Key Concepts: Belief update, particle evolution, kernel association, functional memory


Why This Chapter Matters

In Chapter 5, we learned that memory is a functional representation—a weighted set of experience particles that induce a reinforcement field.

But how does this representation change as the agent experiences new things?

This chapter introduces Algorithm 1: MemoryUpdate—the core mechanism that:

  • Converts new experiences into particles
  • Associates them with existing knowledge
  • Reshapes the energy landscape
  • Maintains a tractable particle set

Critical insight:

MemoryUpdate is not just "memory management"—it is the belief-state transition operator of GRL, expressed in RKHS rather than probability space.

Everything downstream (policy inference, reinforcement propagation, soft transitions, POMDP) emerges from this single operation.

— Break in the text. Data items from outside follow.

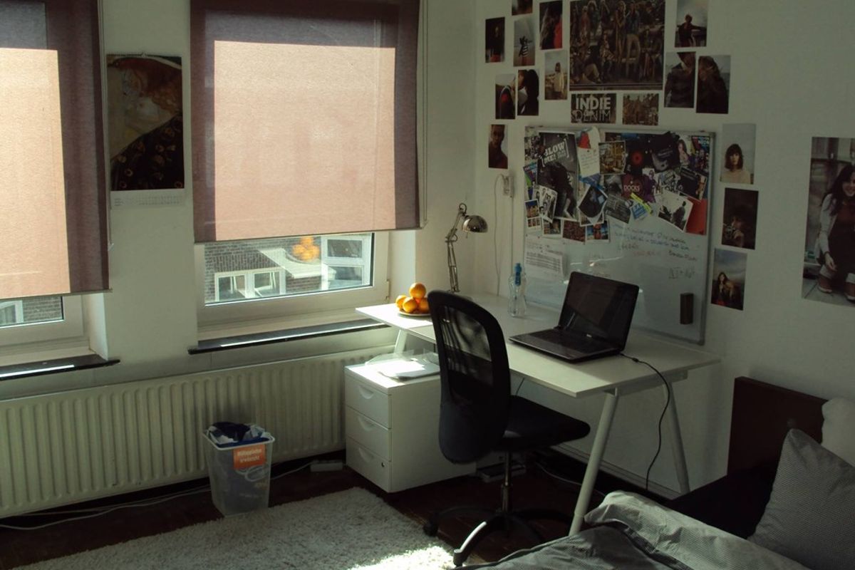 The kitchen is shared with 5 fellow students, the kitchen is equipped with a 4-burner hob, extractor hood, combi- microwave, sink with fountain and a table with 4 chairs. The shared washing machine is also located in the kitchen.
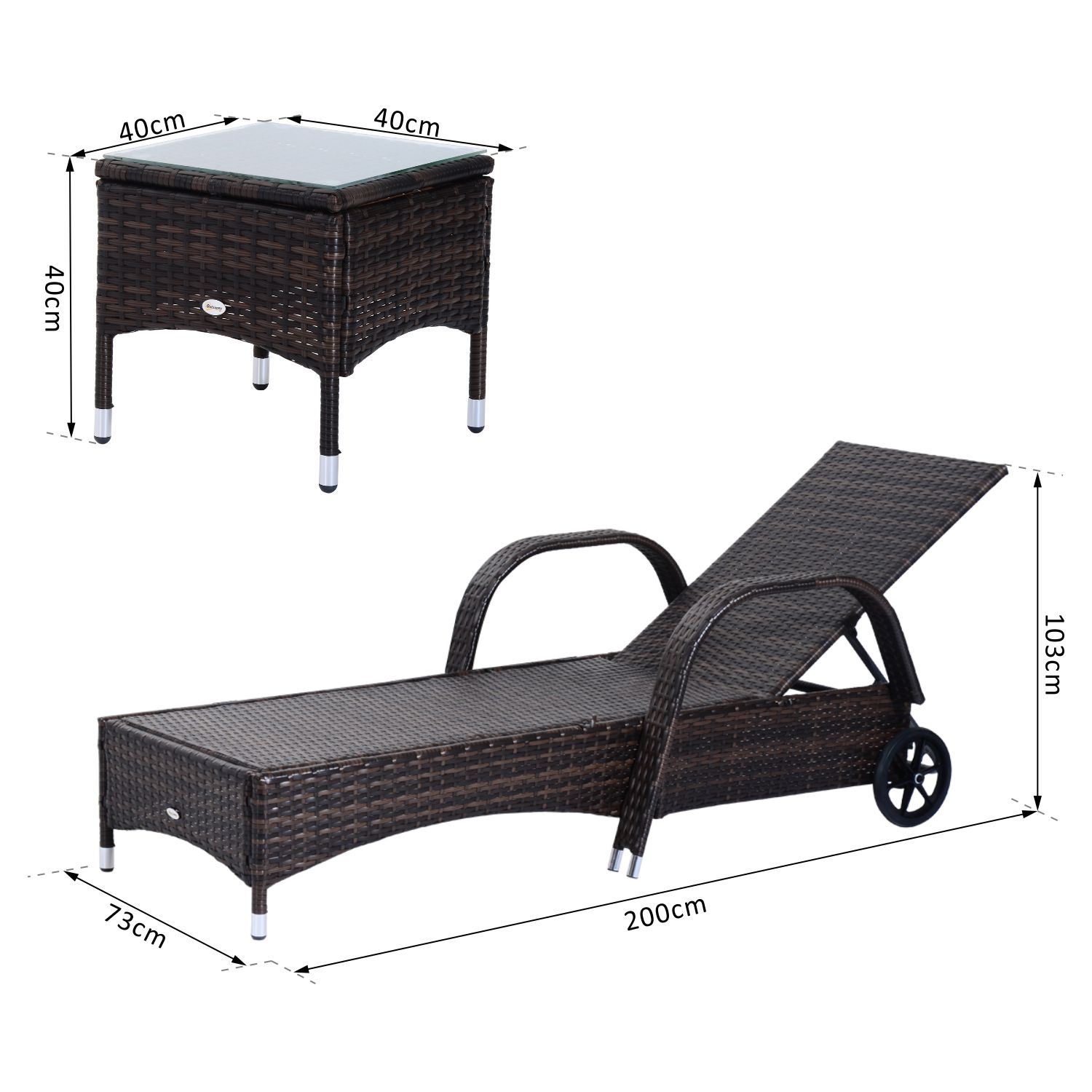 - • Dimensione sedia a sdraio: 2 x 73 x 103 cm
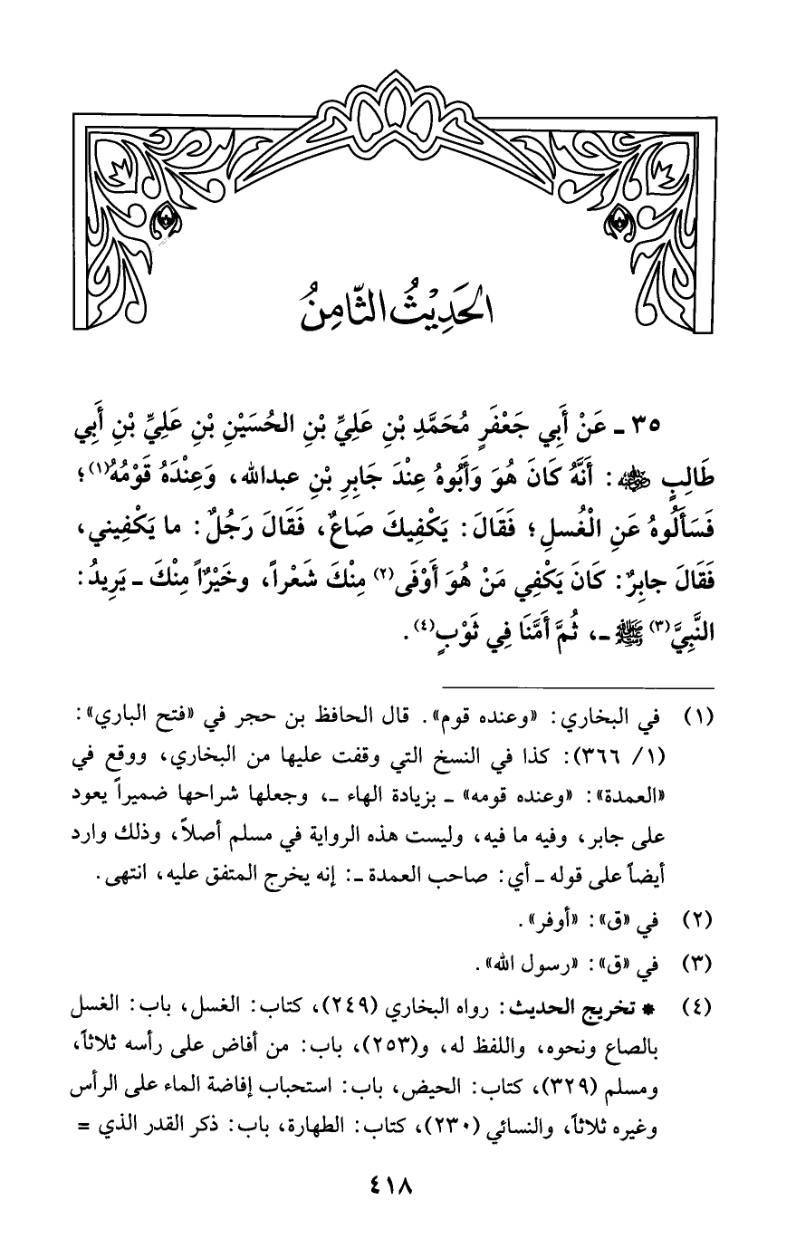 35 - عَنْ أَبِي جَعْفَرٍ مُحَمَّدِ بْنِ عَلِيِّ بْنِ الْحُسَيْنِ بْنِ عَلِيِّ بْنِ أَبِي طَالِبٍ -رضي اللهُ عنهم-: أَنَّهُ كَانَ هُوَ وَأَبُوهُ عِنْدَ جَابِرِ بْنِ عَبْدِ اللَّهِ , وَعِنْدَهُ قَوْمُهُ (¬1)؛ فَسَأَلُوهُ عَنْ الْغُسْلِ؛ فَقَالَ: يَكْفِيكَ صَاعٌ، فَقَالَ رَجُلٌ: مَا يَكْفِينِي , فَقَالَ جَابِرٌ: كَانَ يَكْفِي مَنْ هُوَ أَوْفَى (¬2) مِنْك شَعَرَاً , وَخَيْراً مِنْكَ - يُرِيدُ: النَّبِيَّ (¬3) - صلى الله عليه وسلم -، ثُمَّ أَمَّنَا فِي ثَوْبٍ (¬4).

The Problem: How Should an Agent Update Its Beliefs?

Traditional RL Approach

In standard RL, when the agent observes \((s_t, a_t, r_t, s_{t+1})\), it updates:

  1. Value function via Bellman backup: $\(Q(s, a) \leftarrow Q(s, a) + \alpha [r + \gamma \max_{a'} Q(s', a') - Q(s, a)]\)$

  2. Experience buffer (if using replay): $\(\text{buffer} \leftarrow \text{buffer} \cup \{(s, a, r, s')\}\)$

  3. Policy (if policy gradient): $\(\theta \leftarrow \theta + \alpha \nabla_\theta \log \pi_\theta(a|s) \cdot A(s, a)\)$

These are three separate operations on three separate structures.

GRL Approach

In GRL, when the agent observes \((s_t, \theta_t, r_t)\) (remember: actions are parameters \(\theta\)), it performs one operation:

\[\text{MemoryUpdate}: \mathcal{M} \rightarrow \mathcal{M}'\]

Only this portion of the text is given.